In 2010, Los Angeles reported 293 homicides. The 2010 number corresponds to a rate of 7.6 per 100,000 population. Murders in Los Angeles have decreased since the peak year of 1993, when the homicide rate was 21.1 (per 100,000 population).

== Legal procedure ==

As one of the fifty states of the United States, California follows common law criminal procedure. The principal source of law for California criminal procedure is the California Penal Code, Part 2, "Of Criminal Procedure."
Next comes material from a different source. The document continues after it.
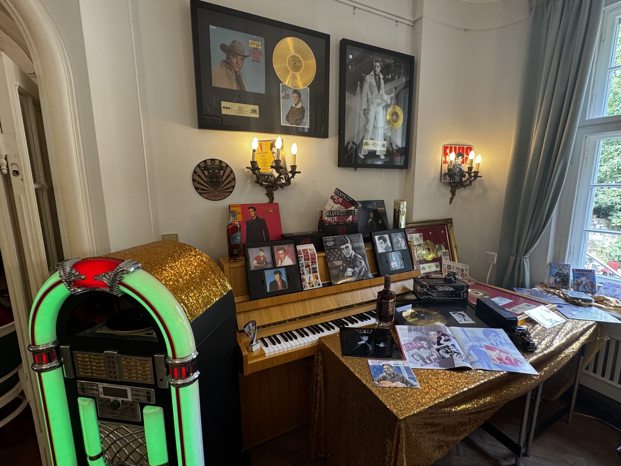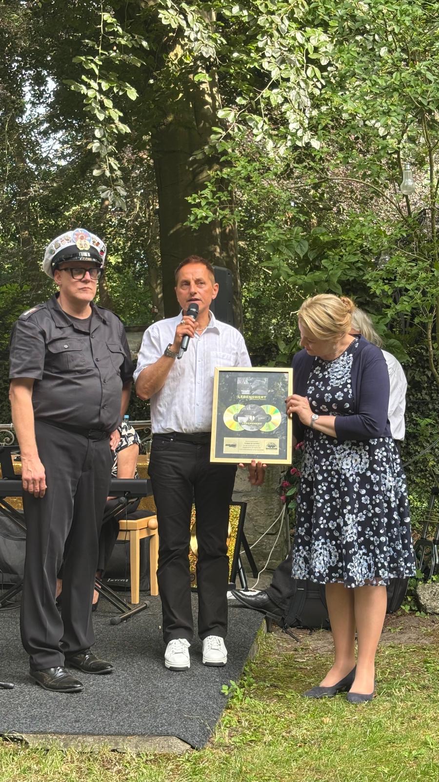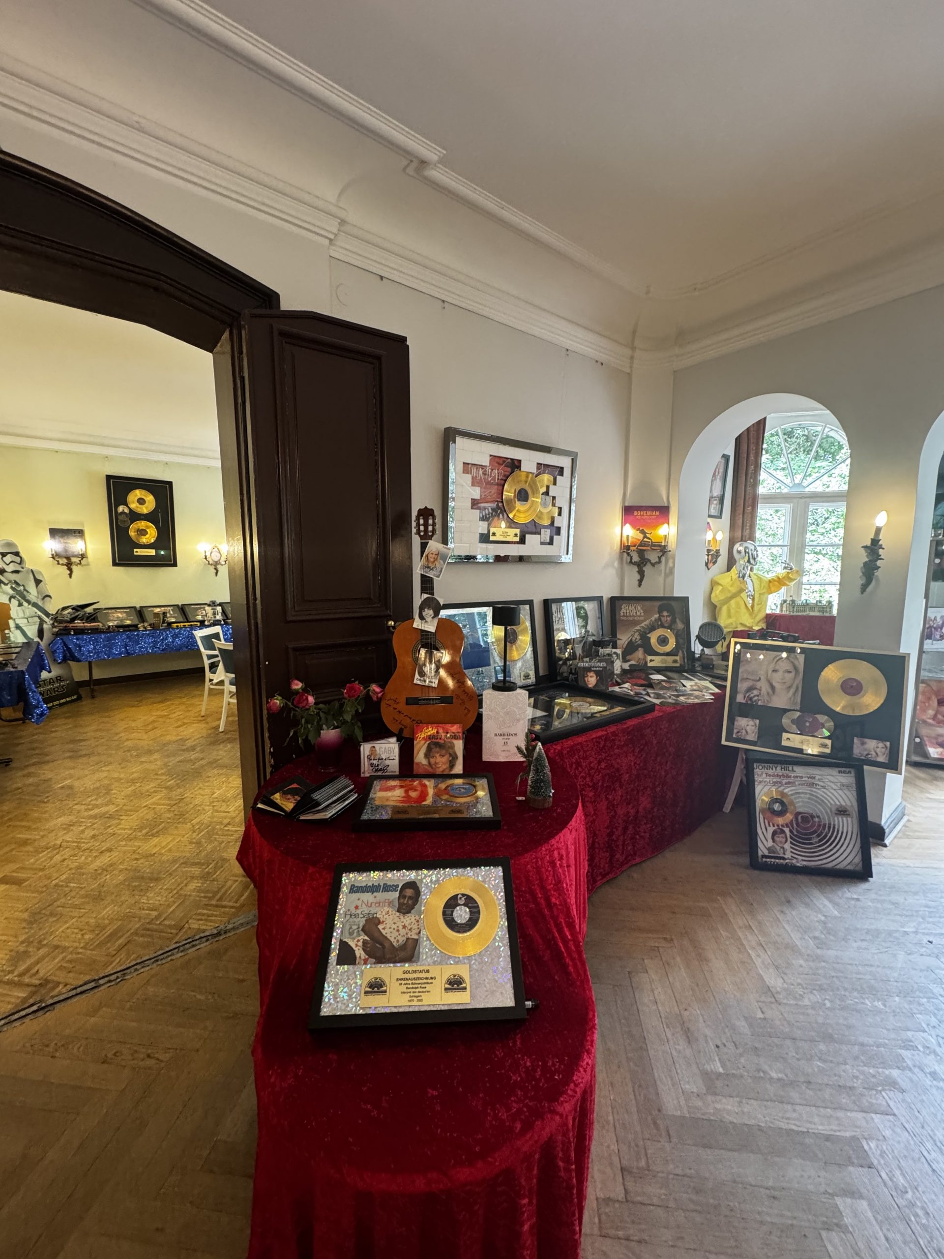 Im Haus konnten die Gäste die zahlreichen Exponate der Ausstellung bewundern. Goldene Schallplatten für Elvis Presley, Jerry Lee Lewis, Udo Lindenberg, Helene Fischer und vielen anderen Musikschaffenden, sowie für Soundtracks von „Star Wars“, „Harry Potter“, „Zurück in die Zukunft“ und vielen weiteren cineastischen Blockbustern konnten bestaunt werden. Untermeister Ralph Kartelmeyer wird in den Sommerferien nach Emden reisen und dort eine goldene Schallplatte an Otto Waalkes für über 50 Jahre Bühnenwerk verleihen.
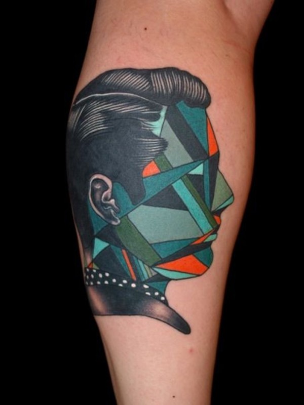 腿部彩色几何露脸肖像纹身图片

Every year in California, approximately 150 thousand violent crimes and 1 million property crimes are committed. With a population of about 40 million people, approximately 1.2 million arrests are made every year in California. The California superior courts hear about 270,000 felony cases, 900,000 misdemeanor cases, and 5 million infraction cases every year. There are currently 130,000 people in state prisons and 70,000 people in county jails. Of these, there are 746 people who have been sentenced to death.

=== Policing ===

In 2018, California had 531 state and local law enforcement agencies. Those agencies employed a total of 130,451 staff. Of the total staff, 79,038 were sworn officers (defined as those with general arrest powers).

==== Police ratio ====

In 2018, California had 200 police officers per 100,000 residents.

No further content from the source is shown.